Perkins feeds with Belgian horses, he has four, and doesn’t use a squeeze chute when he works cattle.

“We use horses,” he said. “We gather that way, rope and drag to brand, use the dogs to help gather and move cows from one pasture to the other.”

He doesn’t rotate pastures on a schedule, but moves his cattle according to the amount of feed and the needs of the cattle.

He no longer farms, but does raise some hay that he bales in square bales for the horses.

In order to have the kind of horses he wants as working cow horses, he raises and trains his own. In the past he has competed in jerk down steer roping and AQHA reining contests. He helped form the Osage Steer Roping Association, but no longer competes. He also has competed in the Ranch Horse Association’s ranch horse contests and was the World Ranch Champion in round pen.
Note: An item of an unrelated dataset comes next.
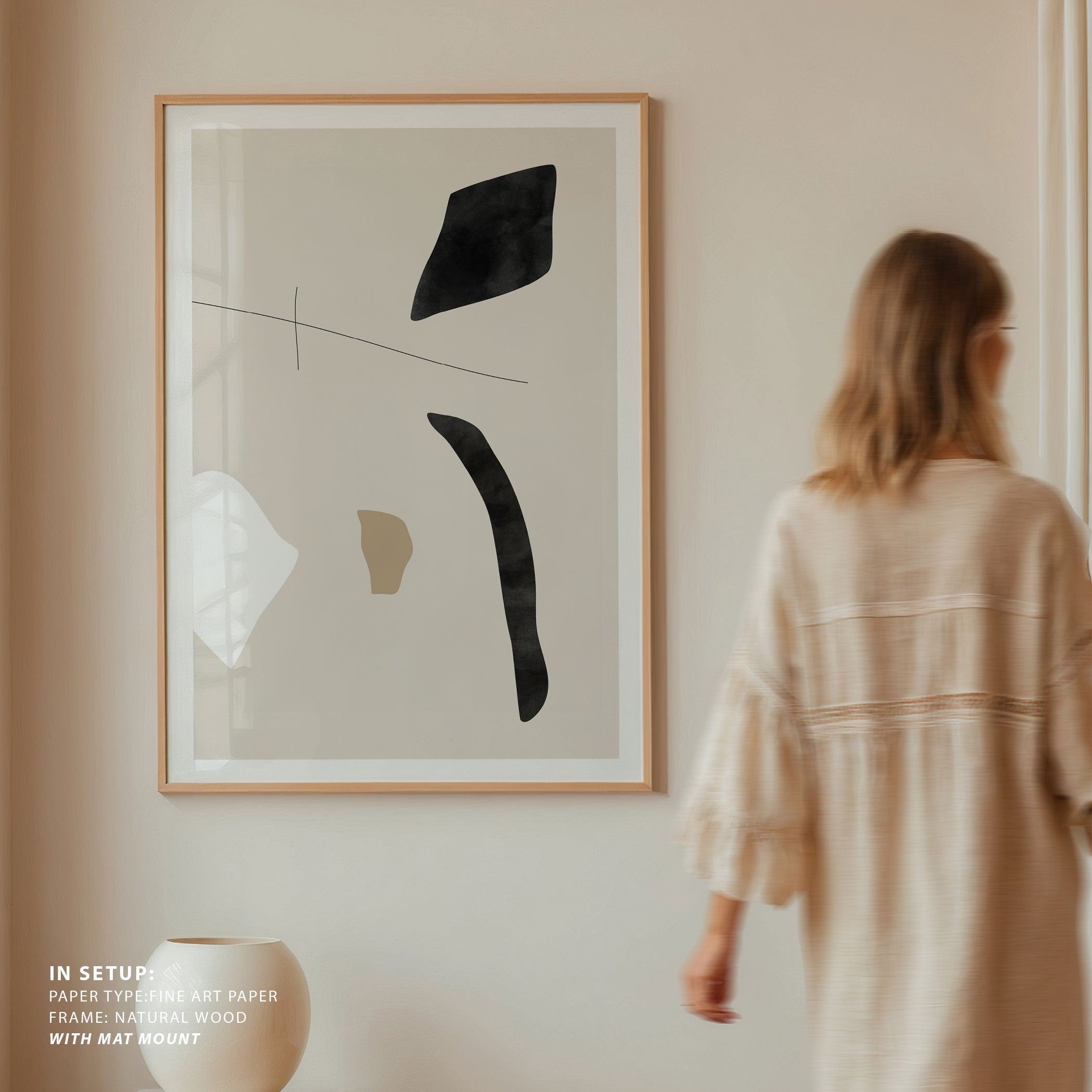 Transport your space to a simpler, quieter era with this neutral abstract art print. This art print, Graphic Shapes and Lines Poster from our Minimalist Neutral Art Prints Collection, reimagined as a modern, tranquil composition. Picture soft, flowing shapes in muted tones of beige, ivory, and sand, gently layered against a warm, minimalist background. The scene feels peaceful and timeless, as if you’re looking through a window into stillness, calm, and quiet reflection.

This event was held in connection with the rodeo at Amarillo. He is still active in that event.

“I’m blessed with a lot of water, ponds and creeks, but I have built two ponds. I need to do some work on some of the ponds. I burn every year. It helps keep the weeds down and makes the grass more palatable.”
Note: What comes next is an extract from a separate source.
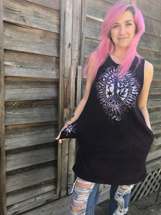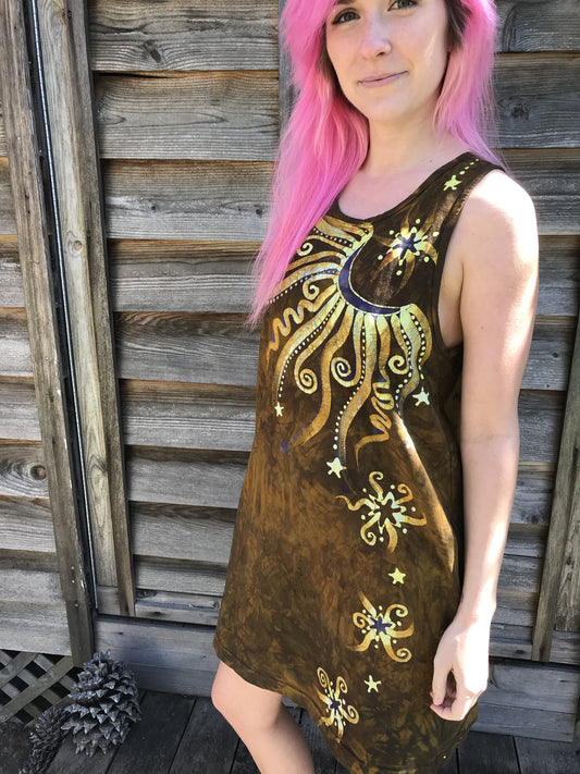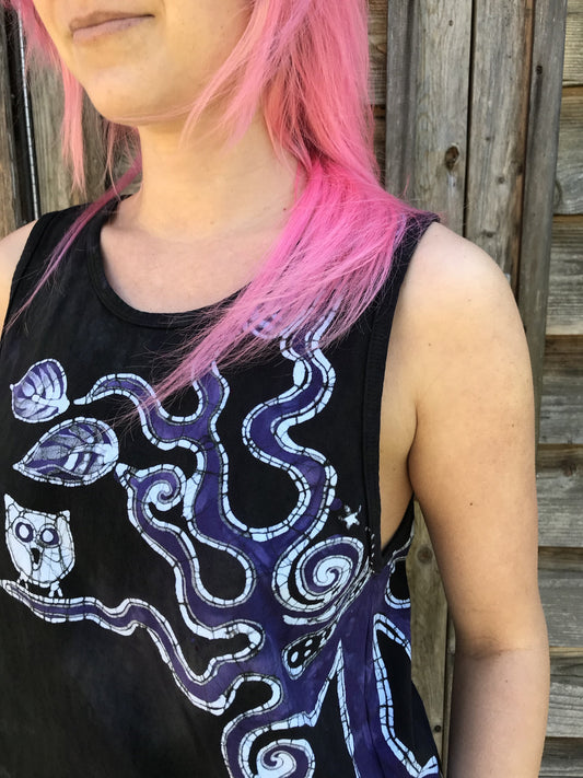 Moss and Purple Owl Batik Dress - Size Medium ONLY

The place he has near Wann, has a number of creeks. These make for good hunting grounds and he doesn’t feel the need to plant wildlife plots. When he and his family first moved to their present location they were overrun with owls, coyotes and raccoons. The dogs have helped control that problem.

Perkins has approximately 1,700 acres and has an ongoing plan to eradicate most of the thistle and control sericea lespedeza. He is also in the process of turning old farmland back into pasture.

“I’ve planted 80 acres and have about 300 more to plant as soon as I can afford to buy the fertilizer. When you fertilize it can do a lot for you. Right now I’m through for the year. I can’t afford the fertilizer to do it all at once.”

Right now fencing has gone to the top of the list of things to do.

“I plan to do a mile a year, but with the prices going up like they have it’s hard. When I got into the business a basic steel post cost $2, and a roll of wire $30. Now it’s $5 and $70.”

In addition to the cattle and horses he raises, Perkins also raises Kelpies, a breed of dog that works cattle like a Border Collie.

“I used to use Border Collies, but now I have the Kelpies. I raise puppies for sale as well as for my own use.”

Perkins says he tries to do everything profitably and doesn’t believe the theory that just because something is new or works for someone else it is the best choice for him.

“The old cattlemen learned what was profitable and what wasn’t. That’s why I feed with a horse-drawn wagon, check my cattle horseback and use dogs for a lot of the work handling cattle. I’ve been asked why I don’t get a four-wheeler. You can’t rope off a four-wheeler.”

Perkins and his wife, Jackie, have two children, Heston, nine, and Paige, 13.